The sweat-shirted woman dropped into the aisle seat across from me and within minutes the woman directly across from me rose and trudged upstairs. The man seated across and to the left of me was reading the paper and, as if waking, asked under his breath, "What's that smell?" He looked over at the woman, who had now moved over to the window and was huddled against it, trying to sleep or already out. She looked now like a rumpled pile of laundry. "What's her problem?" he asked me. I didn't answer. The man looked at a woman seated across from the sweat-shirted woman and, with his eyes and by mouthing the words, offered the seat across from me. She rose and moved over and the two gave each other knowing looks and shook their heads.

If the sweat-shirted woman was homeless, and even if she wasn't, there was something about her that was a confrontation of this commuter cultural system. Just by showing up, she was reminding these routine-minded people that there was a larger, very-hard world outside this narrow metal car rolling down predictable steel tracks. This was a woman who — by choice or by circumstances forced on her — was living proof that the world can be unbearable. She was hard to look at, hard to be near, maybe harder to understand.
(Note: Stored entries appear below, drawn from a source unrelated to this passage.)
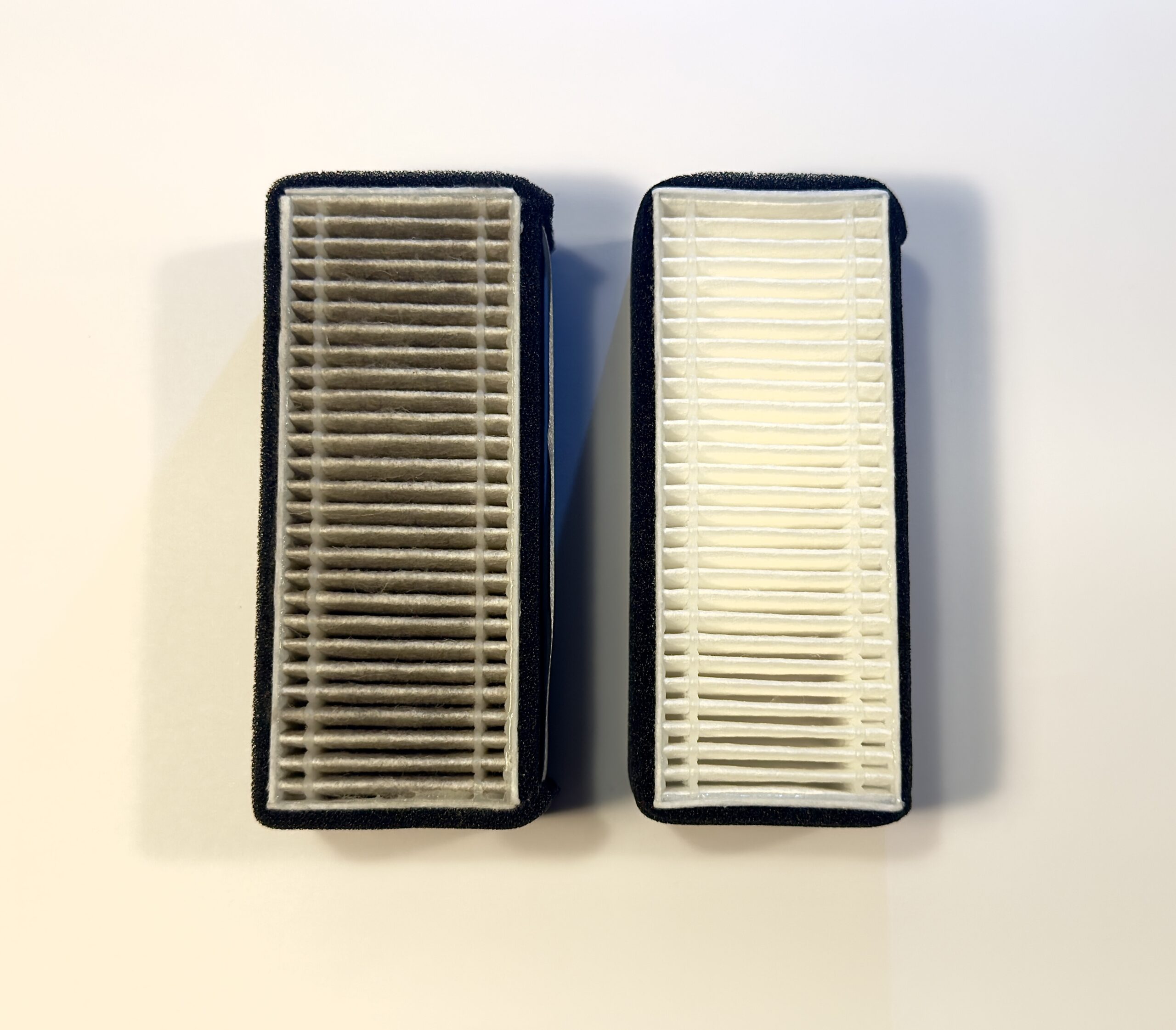 These filters show the difference. To the right you see a new filter, and to the left is a filter after 2 months runtime inside of the cabin of a machine working in dusty enviroments.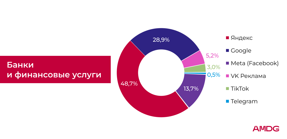 В 2025 году Яндекс продолжил лидировать среди рекламных площадок для банков и финансовых услуг, однако его доля снизилась с 51% до 48,7%. На втором месте — Google (28,9%). Его доля за год выросла на 6,7 процентного пункта и приблизилась к показателю 2023 года. Meta (Facebook) осталась на прежнем уровне — 13,7%. Следующей по популярности стала VK Реклама (5,2%), затем — TikTok (3%). В 2025 году рекламодатели категории “Банки и финансовые услуги” впервые тестировали для продвижения Telegram. Его доля составила менее 1%.
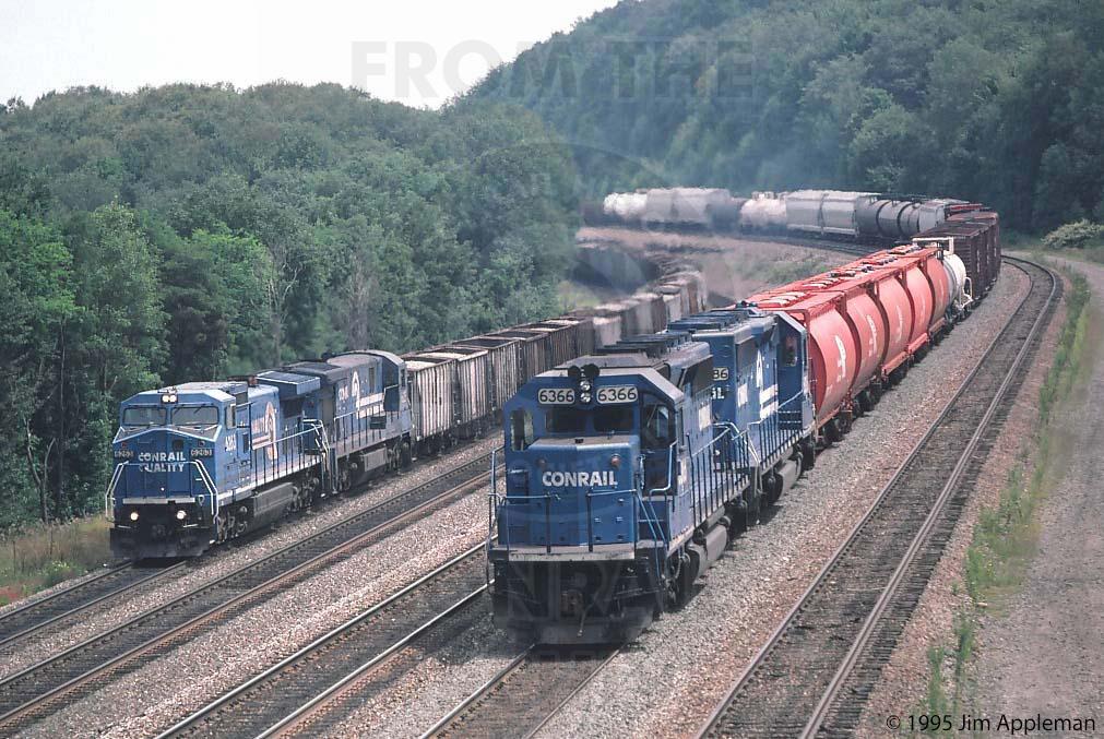 CR 6366 & 6386 SD40-2 rear helpers of an eastbound manifest freight meet CR 6263 C40-8W leading a westbound ballast train.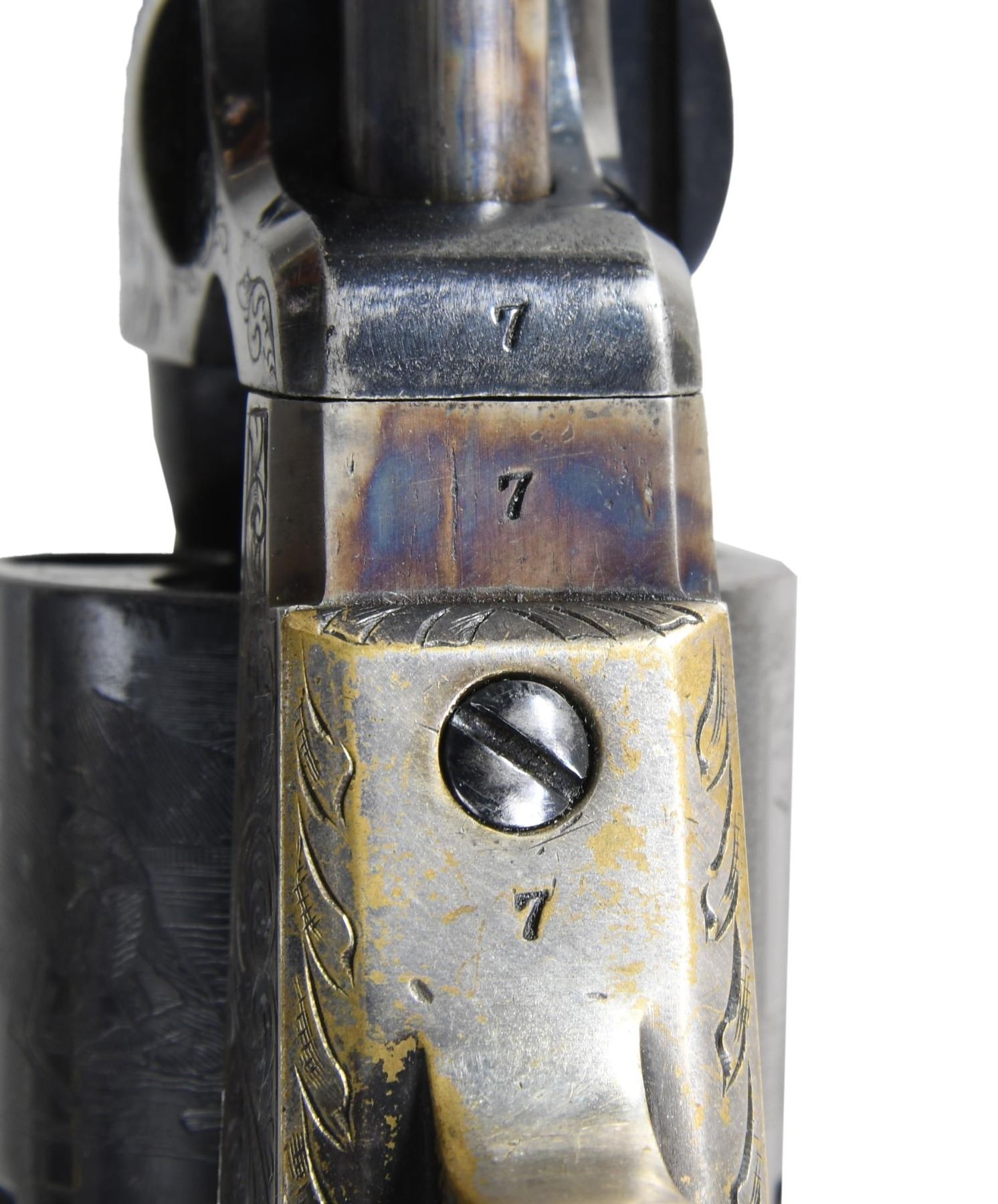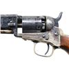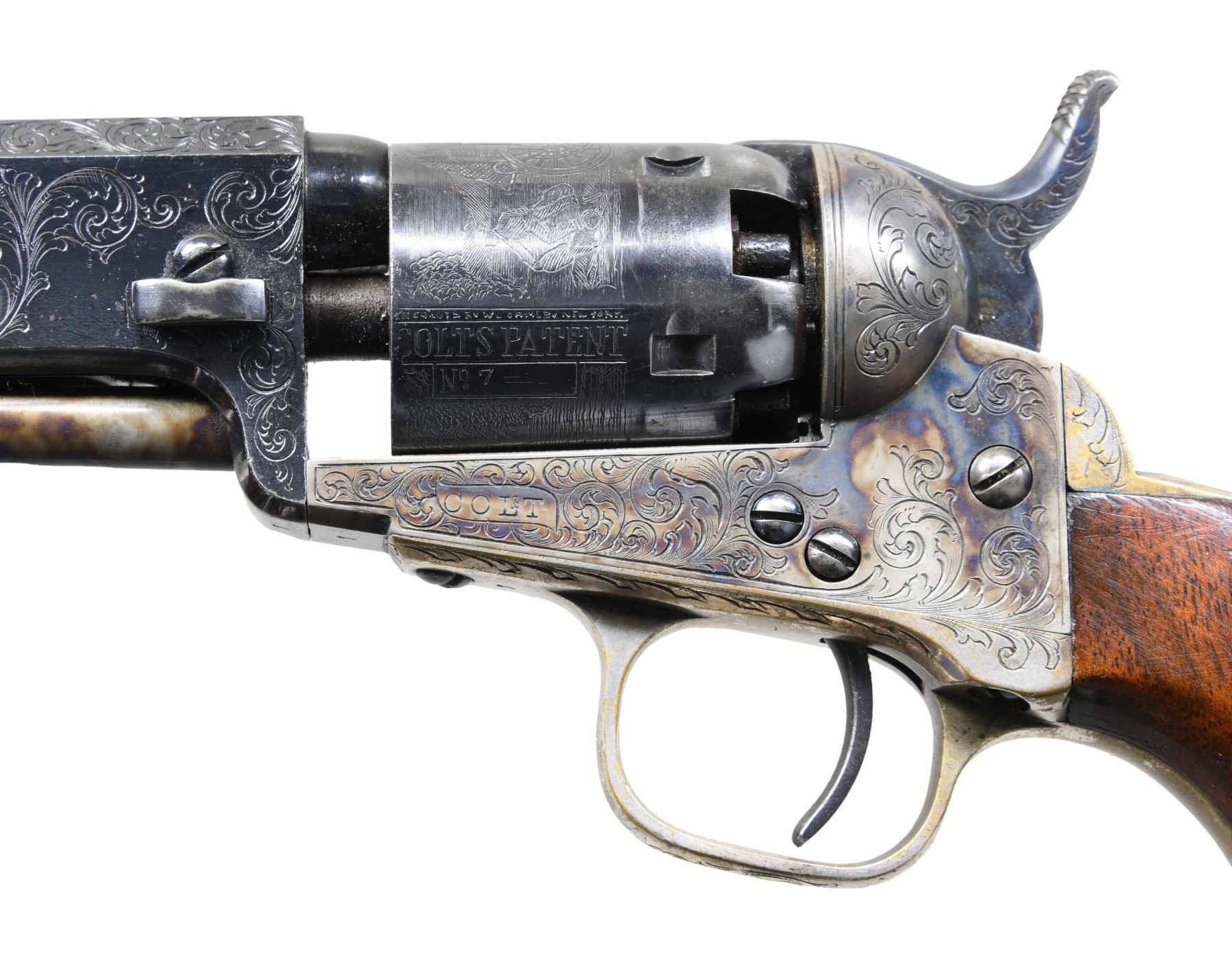 POCKET NAVY REVOLVER. Cal. 36. S# 7. This is an anomaly of standard production 1862 pocket navy with 2-line London address, custom English style light scroll engraving and re-numbered "7" throughout. The few rare known London 1862s are in 5-digit range and they are London proofed. This revolver has no London black powder proofs, so it makes little sense as to the configuration. It does however present beautifully. Accompanying Colt red baize lined walnut case is compartmented for pistol, brass bag flask, reblued "COLTS PATENT" 2 cavity mold, and large ELEY-LONDON cap tin. CONDITION: excellent as customized, retains almost all of the new bright blue and case color finish. Backstrap and trigger guard retain about 80-90% patinaed silver wash. Mechanics are fine, crisp rifled bore with pitting. Case is very good. (01-26734/JS). ANTIQUE. $1,500-2,500.

I noticed that nobody confronted her — not even the conductor, who walked by and sized her up without pausing in his gait. He could have asked for tickets. I'd seen him do so in other circumstances, carding the whole train car to nab someone he suspected was a freeloader.

But nobody tried to help her, either. That's also a rule of commuter life. Those who don't fit the system get left out.

Metrolink is a place where the lives of desperate people get hidden under a veneer of disciplined control. You punch your ticket, you board the train on time, you get off where you're supposed to. But underneath is often the pain of an abusive spouse, kids in trouble, a court system that tramples, a boss that demeans, an economy that sucks the life out of a woman or man. It can produce a kind of silent scream that can be seen in the eyes, in the tone of voice, in the very gait.

But when these board the train with their stooped weariness, if they are part of the accepted commuter cultures, there is a degree of comfort — laughter and a kind of solace, albeit mixed with pain, in these cloth-covered seats of the Metrolink cars. There are card games, there's nut bread or chocolates handed out at holiday times. It's all a kind of coping.

But this woman knew nothing of that. She was asleep in the corner of a world that wanted to forget she was there. She was left alone as the system moved on all around her and the train rolled on, stop by stop, to the end of the line.